In Venezuela, for my thesis, I lived and worked inside a slum in a petro-city, developing a housing model using reclaimed industrial oil waste. That experience became a profound turning point. It led us into other non-controlled settlements, where we designed and built roads, stairs, public spaces, community centers, and cultural anchors. Over time, that work transformed into a co-created methodology of urban and social habilitation—soon to be published as a global tool. It taught me that addressing problems at scale requires structured thinking, empathy, and genuine community participation.

Paris, my cultural base and intellectual backbone, taught me rigor, urban intelligence, adaptability, and the power of culture to guide design across time.

The Costa Rican jungle, where I designed and built a resilient living structure under extreme humidity, rain, biodiversity, and topography, taught me humility and true ecological intelligence. Nature there is not a backdrop—it’s a co-designer.

And in Greece, living in a fully self-sufficient environment—solar-powered, with its own water and food grown from the land—I learned the deepest lesson of all: the value of simplicity.

Living with less sharpens your perception, recalibrates your values, and reveals what abundance truly means: time, nature, community, self-reliance, and beauty without excess.

This nomadic path—moving between slums, global capitals, forests, and self-sufficient islands—has defined my design philosophy: ecological and social sensitivity, cultural literacy, methodological discipline, and the ability to translate between worlds.

What signals that a project is responsible and forward-thinking?

Three core signals:

1.Contextual intelligence
Projects must listen to their territory—people, climate, ecosystem, culture. Because I have lived inside such diverse contexts, I can immediately feel when a project truly understands its place.

2. Life-cycle, resilience, and resource honesty
From slums to jungles to self-sufficient living in Greece, I learned to value:

  • climatic adaptation
  • water and energy autonomy
  • material cycles
  • easy maintenance
  • food, land, and community systems
  • resource minimalism

Forward-thinking design must anticipate time, climate, and change.

3. Methodological clarity
I look for a transparent process:

  • community engagement
  • ecological principles
  • design logic
  • long-term adaptability

Methodology turns ideas into reality and allows impact to scale.

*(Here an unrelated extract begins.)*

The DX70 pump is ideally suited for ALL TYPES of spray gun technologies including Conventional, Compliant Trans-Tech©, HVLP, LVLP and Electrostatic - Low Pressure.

How do different cultures influence the way you judge design?

Because I lived inside these worlds—not merely studied them—my lens is deeply cross-cultural.

From Venezuela, I learned resilience, creativity under constraint, informality’s intelligence, and the power of community.

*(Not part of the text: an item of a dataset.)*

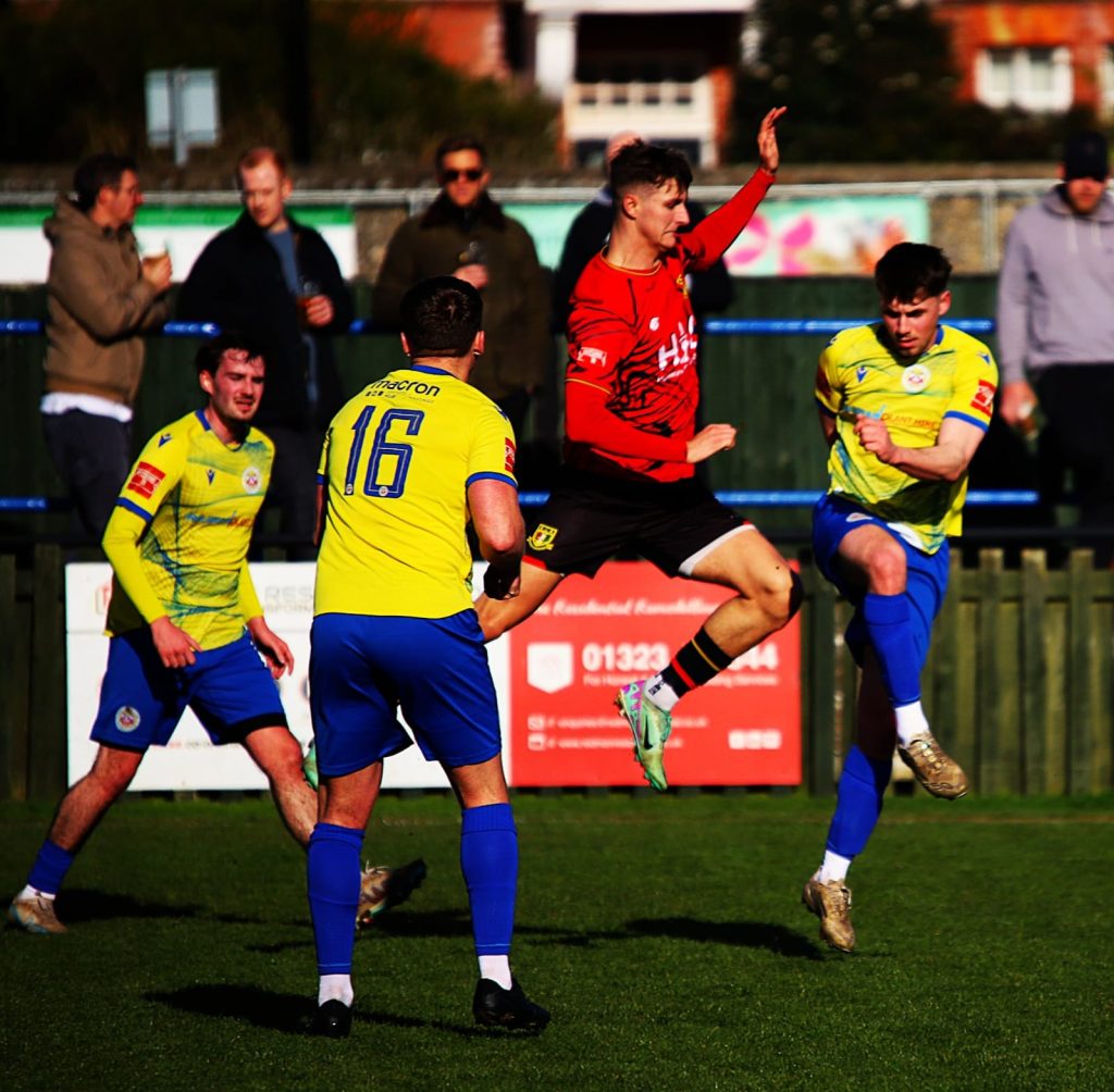 After the break, Eastbourne were awarded a second spot kick after Roger was brought down on the box and the Eastbourne striker’s luck was really in – Grosshart plunging to his right to make a superb save but the ball looped straight back to the taker who looped in the rebound.

From Paris, the art of cultural continuity, policy, reinvention, and urban beauty that evolves over centuries.

From Costa Rica, the need to design with biodiversity, rain, humidity, and the living environment as a co-author.

From Greece, I learned the spiritual and philosophical value of simplicity, autonomy, and living lightly on the earth—solar energy, your own water source, your own food, and a slower rhythm aligned with nature.

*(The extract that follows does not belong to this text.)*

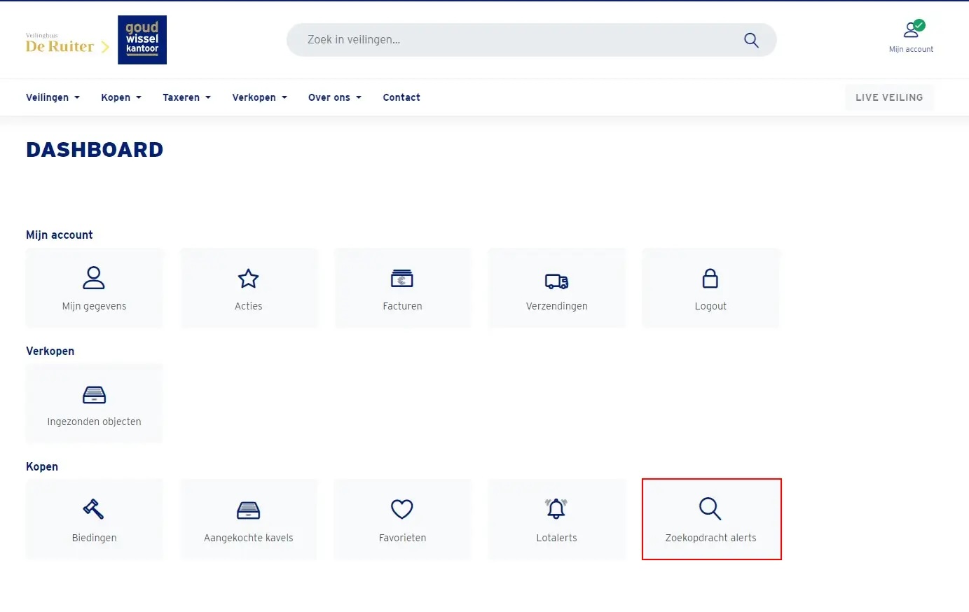 Ga in het dashboard naar de knop “Zoekopdracht alerts” en klik vervolgens op “Stel een zoekopdracht in” om zoekwoorden toe te voegen. Wanneer we kavels met dit woord aan onze online veilingcatalogus toevoegen, ontvangt je direct bericht per e-mail. U ontvangt deze melding zodra de betreffende veiling online staat en er biedingen op de kavels geplaatst kunnen worden.

From curation and ephemeral installations, I learned meaning-making, storytelling, and the emotional life of space.

This mixture allows me to recognize projects that are authentic, ecological, rooted, adaptable, and culturally alive.

Advice for emerging designers

My advice is simple:

Start with your lived values this is your roadmap. Then build your methodology.

In an age overwhelmed by AI-generated aesthetics, your real value lies in your culture, sensitivity, intuition, and the places you have truly lived.

  • Live inside real territories.
    Go where life is raw, complex, and revealing: slums, jungles, rural areas, islands, self-sufficient communities.
  • Learn from simplicity.
    Nomadic Living taught me that having less sharpens our vision and our humanity.
  • Develop your own methodology.
    Creativity without structure cannot transform the world.
  • Bridge worlds.
    Work with scientists, artists, ecologists, communities.
    Design is translation.
  • Honor ecology.
    Design with climate, not against it. Listen to water, wind, sun, soil.

If designers unite ethics, ecology, culture, and method, they won’t just create objects—they will help shape a new social contract based on empathy, regeneration, and conscious living.